> There is just no substitute for understanding how everything works. Great line...

lawnchair · on Nov 17, 2019

Agree 100%. I'm an SRE team of one and I'm looking for an additional team member. I've interviewed about a dozen people so far and one thing I've noticed is that a lot of young engineers do not know the basics. They really can't tell me how to log into a Linux box and troubleshoot. I think that's a shame. You really lose a lot of insight if you don't understand how the underlying pieces work.

cfors · on Nov 17, 2019

An interesting side-effect of having awesome tooling. When you have a service that is taking too much memory and can see directly on a Grafana dashboard that the reason your service keeps getting OOM'd because of too many Goroutines you can avoid even having to go into a box to debug.

When I used to be on call, I remember very distinctly an incident where there was a ton of restarts on containers for a set of nodes (This was on K8s, so not immediately obvious).
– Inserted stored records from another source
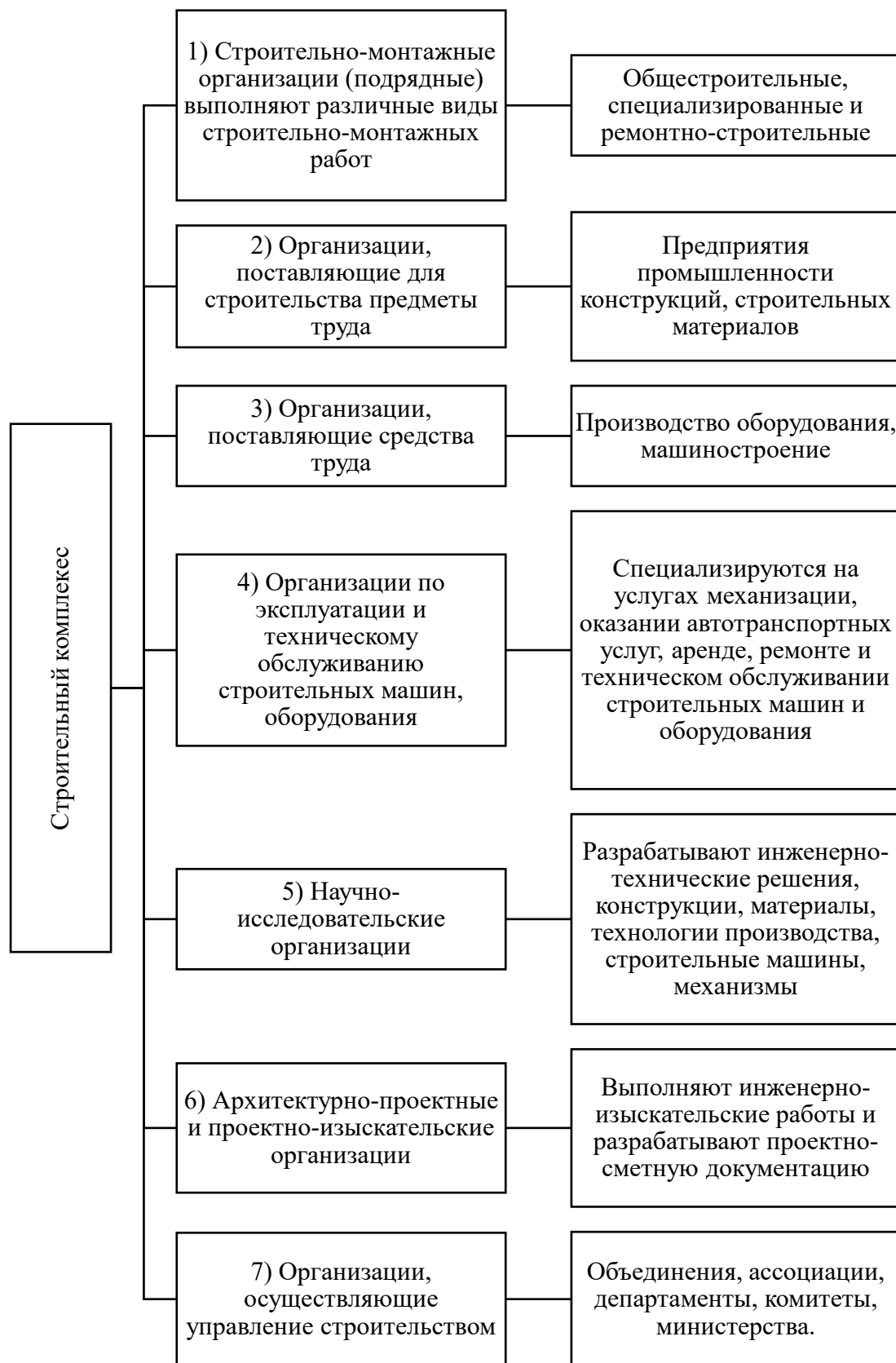
Рис. 3. Группы организаций, представляющие строительный комплекс

При исследовании теоретико-методологических основ формирования строительного комплекса и обеспечивающих его отраслей, обозначенных в первом блоке предложенного алгоритма (рис. 2), будем исходить из состава организаций, формирующих строительный комплекс, представленного на рис. 3.
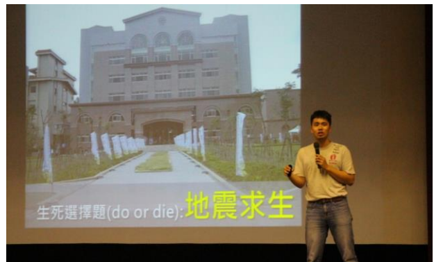
解說地震時掩護動作及演練之會場一隅。
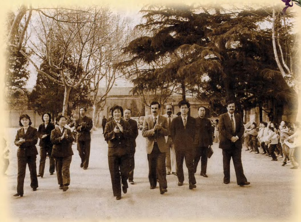
接待苏联教育考察团 (1982年)
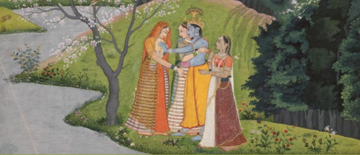
Krishna in der Brautmystik der Dichterin Mirabai

The operations team mentioned to me that in the logs (K8s logs here) there was a lot of errors being generated along the lines of "Discovery failing, restarting".

I asked if we had a tcpdump if we could see what was happening, and the answer I got was "There is no tcpdump in our container." Meaning that we didn't have the binary in the actual container image.

For anyone with any knowledge of Kubernetes, you know that you can easily just SSH to the machine running the pod, get the current port it's being ran on and then run a tcpdump on there. However, the fact that all of this couldn't be tied together to come up with a tcpdump to understand that caused this issue to persist for an extra 3 hours when the issue was a flapping NIC that was misconfigured.

Without understanding how your systems actually work under the hood, you will be running them with your hands tied. It's not good enough to understand one abstraction, you need to be prepared at anytime to peel back the layers of abstraction and get your hands dirty in a different layer.

t34543 · on Nov 17, 2019

Even worse I joined a new company in a senior technical role and it’s seen as a negative that I prefer ssh/strace/tcpdump to debug problems.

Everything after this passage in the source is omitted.